CI/CD for the application has been configured to automatically deploy new changes on the source code.

Bug Fixes

Validations have been added to the dataset before making predictions.

API routes return meaningful error messages.

Install Guide

Pre-prequisites

The following tools, software, and technologies are needed to run the application:

Python

For the project, we are using Python 3.8+. To check if you already have Python installed, run the following command:
```
$ python --version
```
If successful, it will display the currently installed Python version (eg: Python 3.8.1).

If you need to install Python, visit here.
MongoDB

We are using MongoDB to store data for our Machine Learning model.

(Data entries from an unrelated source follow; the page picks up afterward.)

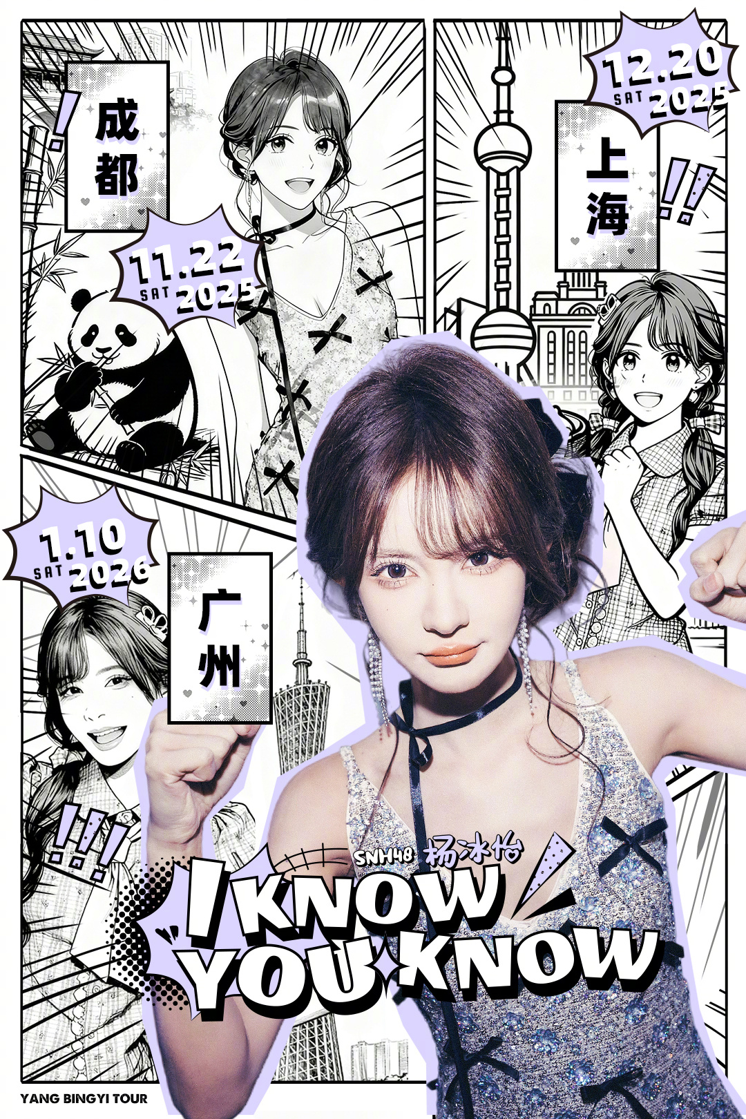 伴随EP发售,杨冰怡个人巡演将正式拉开序幕。首站定于11月22日在成都西村Live举行,随后将于12月20日登陆上海,2026年1月10日抵达广州。巡演主题"I Know You Know"寓意深刻:"I know是我知道,杨冰怡真实的样子及内心想法;You know是你知道,在大家眼中的杨冰怡的形象"。这将是一场展现真实自我、与粉丝进行心灵对话的特别演出。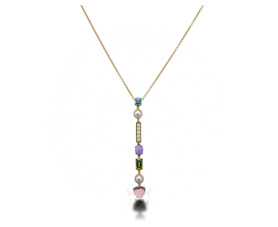 Колье Colour Collection с подвесками, желтое золото 18 карат, розовый турмалин, хризолит, аметист, голубой топаз, культивированный жемчуг Акойя, бриллиантовое паве.
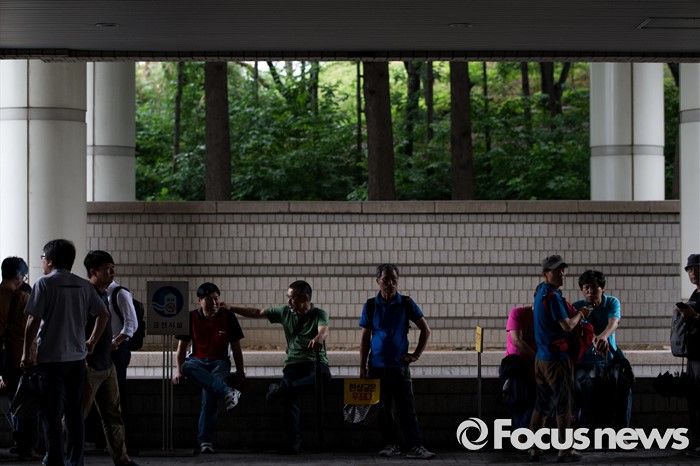 (서울=포커스뉴스) 4일 오후 서울중앙지법 앞에서 민주노총 조합원 및 관계자들이 한상균 위원장의 1심 선고 공판 방청 후 기자회견을 갖기 위해 기다리고 있다. 지난해 11월 열린 민중총궐기 대회 불법 시위 주도 혐의로 기소된 한 위원장은 이날 열린 1심 재판에서 징역 5년을 선고받았다.

If you do not have a MongoDB database, MongoDB provides a free cloud database service here. This is hosted remotely, so no additional download is required.

Download Instructions

The source code can be downloaded any one of the steps:

Cloning the repository

To clone the repository using HTTPS, run the following command from the desired directory:
```
$ git clone https://github.com/JIA-0302/Analytics.git
```
This will download all the source code from the repository.
Download the ZIP file from here

Installing Dependent Libraries

Setup virtual environment

Run the following commands if the virtual environment has not been setup:
```
$ pip install virtualenv
$ virtualenv venv
```
This will create a virtual environment directory venv.

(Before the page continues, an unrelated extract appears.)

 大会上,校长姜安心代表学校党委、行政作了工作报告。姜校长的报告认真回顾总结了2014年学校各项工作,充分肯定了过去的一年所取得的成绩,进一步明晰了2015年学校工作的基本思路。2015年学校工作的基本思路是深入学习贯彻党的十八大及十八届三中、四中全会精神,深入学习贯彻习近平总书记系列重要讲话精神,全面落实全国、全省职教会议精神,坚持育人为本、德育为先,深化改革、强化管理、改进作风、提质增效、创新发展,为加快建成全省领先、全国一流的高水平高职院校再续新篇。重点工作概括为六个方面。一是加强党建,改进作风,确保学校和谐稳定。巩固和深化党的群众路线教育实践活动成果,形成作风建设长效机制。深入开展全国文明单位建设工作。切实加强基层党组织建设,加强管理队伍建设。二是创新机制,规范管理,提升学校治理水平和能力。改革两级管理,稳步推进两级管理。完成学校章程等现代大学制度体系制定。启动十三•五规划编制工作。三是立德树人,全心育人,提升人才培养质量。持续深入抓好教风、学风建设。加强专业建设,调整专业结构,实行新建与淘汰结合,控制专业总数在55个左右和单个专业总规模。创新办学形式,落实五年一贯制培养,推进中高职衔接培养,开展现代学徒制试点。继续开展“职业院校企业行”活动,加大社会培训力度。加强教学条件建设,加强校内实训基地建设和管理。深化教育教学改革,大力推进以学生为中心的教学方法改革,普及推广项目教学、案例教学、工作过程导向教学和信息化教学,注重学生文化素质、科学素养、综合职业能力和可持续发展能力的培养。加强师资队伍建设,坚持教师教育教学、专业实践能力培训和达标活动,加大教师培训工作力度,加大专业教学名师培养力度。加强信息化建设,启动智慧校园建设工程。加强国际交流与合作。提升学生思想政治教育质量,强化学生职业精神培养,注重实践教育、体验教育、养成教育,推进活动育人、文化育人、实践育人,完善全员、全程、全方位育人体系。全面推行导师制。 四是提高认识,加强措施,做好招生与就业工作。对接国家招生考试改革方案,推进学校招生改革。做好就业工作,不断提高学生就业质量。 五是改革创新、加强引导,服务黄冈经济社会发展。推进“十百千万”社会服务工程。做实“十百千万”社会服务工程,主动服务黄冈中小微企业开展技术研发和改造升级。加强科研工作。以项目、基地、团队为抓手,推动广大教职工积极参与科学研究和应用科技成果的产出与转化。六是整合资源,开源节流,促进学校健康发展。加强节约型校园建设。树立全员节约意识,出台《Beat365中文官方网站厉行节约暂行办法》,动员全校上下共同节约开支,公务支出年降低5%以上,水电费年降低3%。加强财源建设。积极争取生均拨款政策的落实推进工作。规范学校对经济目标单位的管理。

To activate the virtual environment, run the following command:
```
. venv/Scripts/activate
```
This allows us to manage and resolve dependencies easily.
Install dependencies

To install all the required dependencies, run the following command:
```
pip install -r requirements.txt
```

Build Instructions

Setup environment variables
- Create a new file .env in the root directory
- Copy all the contents of .env.example into .env
- Replace all the required fields (xxxxxxx) specific to your configurations.
```
# Database Configurations
MONGODB_URL=xxxxxxxxxx
DATABASE_NAME=test
DATASET_COLLECTION_NAME=future_trends

# Token to be able to access protected routes
ACCESS_TOKEN=xxxxxxxx

# Parameters for Tip Prediction
SHIFT_INTERVAL_MINUTES=30
SHIFT_START_TIME = 10
SHIFT_END_TIME = 23
```
You can use any value for an access token. However, make sure any other application making a request to this service uses the same access token.

Installation

No additional steps are required for installation.

Run Instructions

Simply run the following command to start the server:

python main.py

The terminal will return the URL on where the application is running. By default, it runs on http://127.0.0.1:5000/.

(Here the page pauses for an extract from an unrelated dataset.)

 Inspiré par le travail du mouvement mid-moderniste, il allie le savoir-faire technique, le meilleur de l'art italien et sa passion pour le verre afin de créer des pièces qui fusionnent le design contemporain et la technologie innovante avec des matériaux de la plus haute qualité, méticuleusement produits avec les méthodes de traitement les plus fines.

If other applications need to use this service, use the provided URL.

Troubleshooting

ModuleNotFoundError: No module named '...'

This is usually because the script could not find the dependent libraries.

Make sure the virtual environment is running first.

If the problem still persists, re-install all the dependencies:
```
pip install -r requirements.txt
```
socket.error: [Errno 98] Address already in use

By default, Flask application starts on port number 5000. Since only one process can run on a port number, we cannot run this new processing to this occupies port. To fix this issue there are two approaches:
- Kill other process running on port number 5000
  - For Windows, view instructions here.
  - For Mac and Linux, view instructions here
- Run the application on a different port
  
  To run the application in a different unoccupied port, run the following command:
```
$ flask run -h localhost -p <PORT_NUMBER>
```
  Note, the application will now be available on the specified port number.

Developers Guide

Please see the installation guide to set up the project.

Utils

Generating Test Dataset

Use test-data-gen.py script to generate test dataset in csv format.

It accepts command line arguments to generate data as needed:

usage: test-data-gen.py [-h] [-s START_DATE] [-e END_DATE] [-f FILE_NAME]

Generate test dataset for a user

optional arguments:
  -h, --help            show this help message and exit
  -s START_DATE, --start-date START_DATE
                        First shift date in the dataset. Default: 1/1/2020
  -e END_DATE, --end-date END_DATE
                        Last shift date in the dataset. Default: 3/16/2021
  -f FILE_NAME, --file-name FILE_NAME
                        Name of the file to save the dataset. Default: shift_data.csv

An example usage would be:

python test-data-gen.py -s 1/1/2021 -e 3/1/2021 -f test_dataset.csv

Playground

We need to continuously improve our ML model using different features, aggregating different data, different algorithms, and so much more.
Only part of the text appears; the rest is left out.